Nathalie Du Pasquier,
Des ensembles faits des fragments d’un même monde
En décembre 2010, Nathalie Du Pasquier présentait dans le cadre de Assab One, à Milan où elle vit et travaille, une installation qui résumait parfaitement sa démarche. De part et d’autre d’une porte ouverte, on voyait une peinture apparemment abstraite dans l’esprit de Mondrian et une sorte de bibliothèque dont les quatre étages étaient garnis d’objets en trois dimensions tels que bouteille, entonnoir ou bidon et de formes géométriques abstraites comme des cubes ou des parallélépipèdes. Tous ces éléments étaient peints de couleurs uniformes franches subtilement alternées. « Les dix dernières années, a expliqué l’artiste, je construisais des maquettes pour mes peintures à l’aide d’objets usuels. Je prépare des éléments de bois que je peins et que j’organise jusqu’à trouver la composition qui me satisfait. Ces constructions sont petit à petit devenues plus complexes et maintenant elles existent indépendamment des peintures. » Les œuvres de Nathalie Du Pasquier sont nommées par elle des « ensembles », et elle fournit une définition précise de ce mot : Collection d’éléments, en nombre fini ou infini, susceptibles de posséder certaines propriétés (notamment dont le critère d’appartenance à cette collection est sans ambiguïté), et d’avoir entre eux, ou avec des éléments d’autres ensembles, certaines relations.
Voilà qui est contradictoirement à la fois fort précis et tout à fait vague. En tout cas le charme évident de l’œuvre et l’indécision de sa définition invitent à y aller voir de plus près. Cette ancienne co-fondatrice du groupe Memphis en compagnie d’Ettore Sottsass, qui dessina beaucoup de motifs pour des textiles, tapis et meubles, entretient-elle encore des relations plus ou moins traditionnelles avec l’esprit décoratif, ou s’agit-il de tout autre chose, en l’occurrence d’une recherche originale sur les rapports entre l’objet esthétique et l’objet usuel ?

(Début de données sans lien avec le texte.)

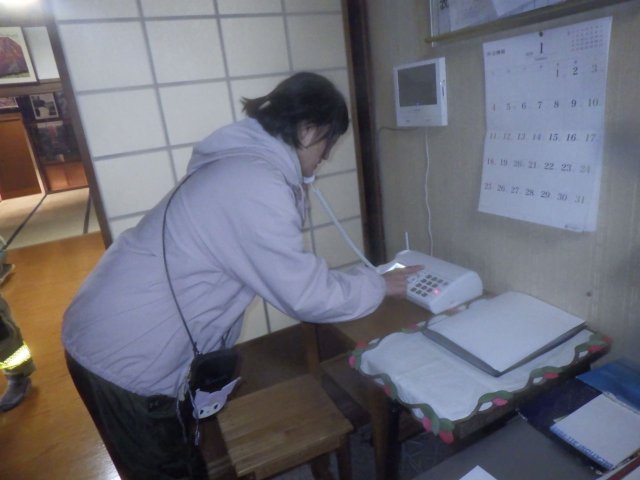 1月14日に慶瑞寺にて消防訓練を実施しました。寺関係者が通報訓練を実施しています。
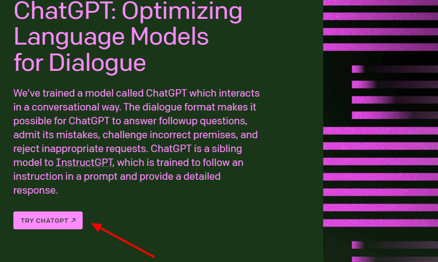 Go to the OpenAI website (https://openai.com/) and click on the "TRY CHATGPT" button at the bottom left corner.
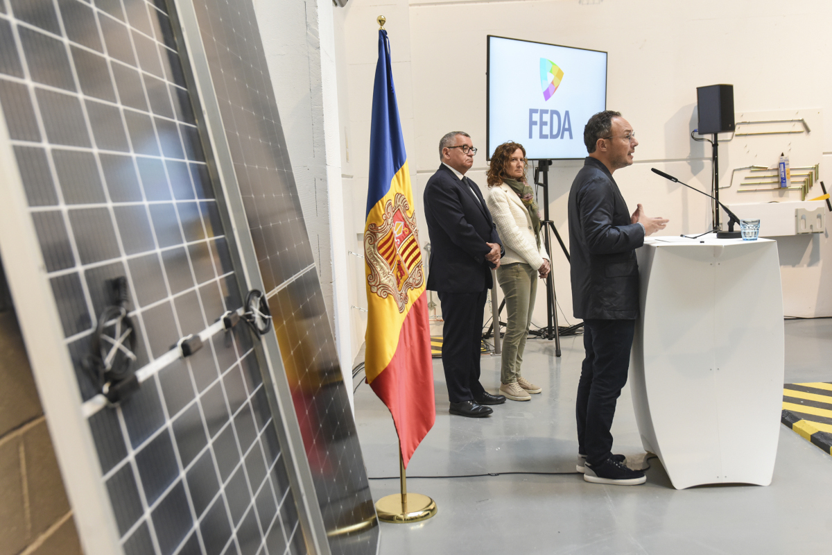 El cap de Govern, Xavier Espot, i la ministra de Medi Ambient, Agricultura i Sostenibilitat i presidenta de FEDA, Sílvia Calvó, han inaugurat aquest dilluns el parc solar de FEDA a Grau Roig en presència del director general, Albert Moles. L’estrena d’aquesta instal·lació fotovoltaica representa un pas més endavant en el camí de la transició energètica i en els objectius de producció amb fonts renovables que fixa la Llei d’impuls de la transició energètica i del canvi climàtic, alhora que redueix la dependència energètica del país. Amb la construcció d’aquest parc, es preveu produir, dins de les fronteres d’Andorra i a partir d’una font 100% renovable, uns 1.400 MWh a l’any, l’electricitat equivalent al consum de 250 llars.
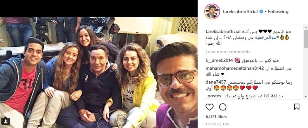 رغم انتشار شائعات تؤكد فرض الفنان عادل إمام طوقًا من السرية على كواليس تصوير مسلسله الجديد "عوالم خفية"، وتحذيره نجوم العمل من نشر أية صور من داخل الاستديو، إلا أنّ موقع انستقرام شهد بالأمس تسريبات عدة، الأولى أطلقها الفنان طارق صبري بعدما نشر صورة له من كواليس المسلسل ، حيث ظهر برفقة عادل إمام، كما ظهرت الفنانة إلهام عبد البديع في الصورة، وعدد من الفنانين الشباب، وعلّق صبري : مع الزعيم عوالم خفية في رمضان ٢٠١٨ ... إن شاء الله رقم ١ .
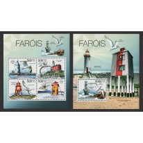 Seria w arkuszu i blok, na znaczkach których widnieją następujące latarnie morskie i gatunki ptaków:
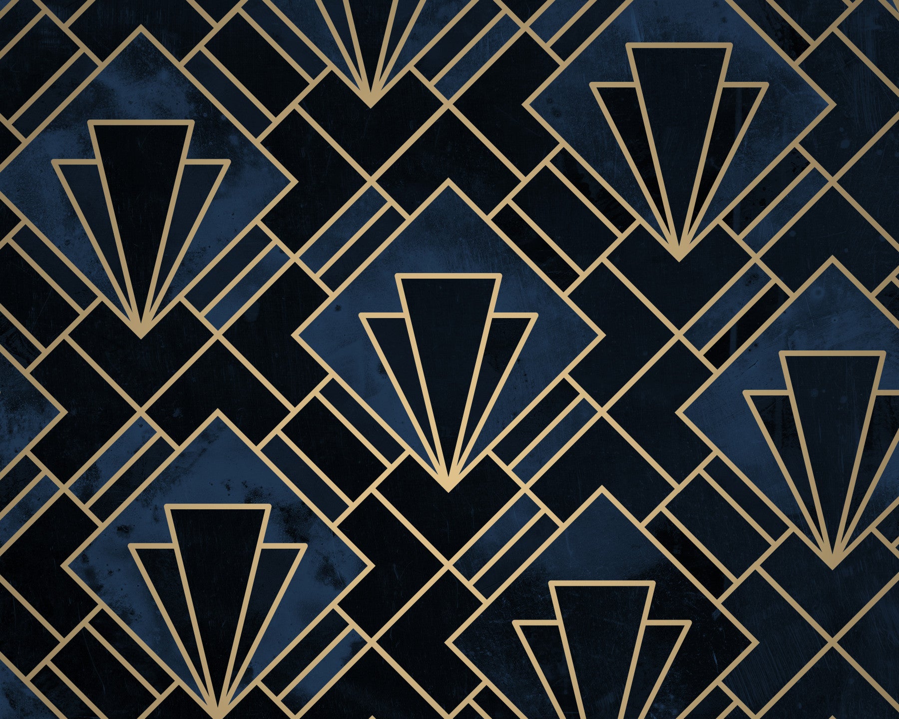 Deep blue and gold Art Deco mosaic design for modern interiors
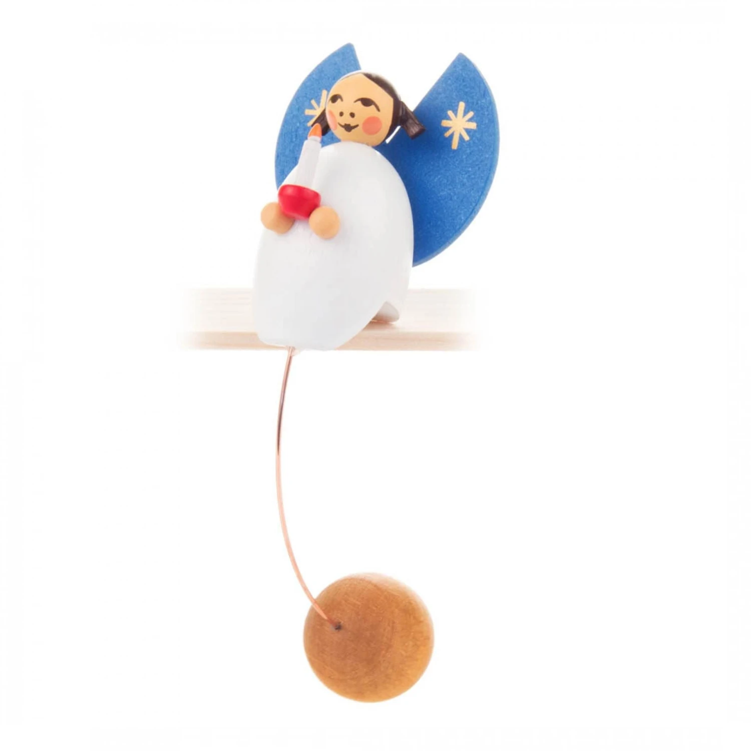 The rocking figure is placed on a shelf or on a table edge. Then you move the ball and the figure starts to swing.

Observons d’abord que l’objet esthétique ne peut être simplement un objet usuel, car l’important n’est pas, pour ce qui le concerne, le geste qui l’utilise, mais bien plutôt la perception qui le contemple. De toute façon, chez Nathalie Du Pasquier, nous ne sommes jamais placés dans la situation de qui regarde un objet orné, l’ornement étant destiné à attirer l’attention et à plaire. Les bouteilles, pots, tasses, cubes et boîtes signés Du Pasquier sont tous recouverts d’une couleur parfaitement uniforme et en quelque sorte neutralisante.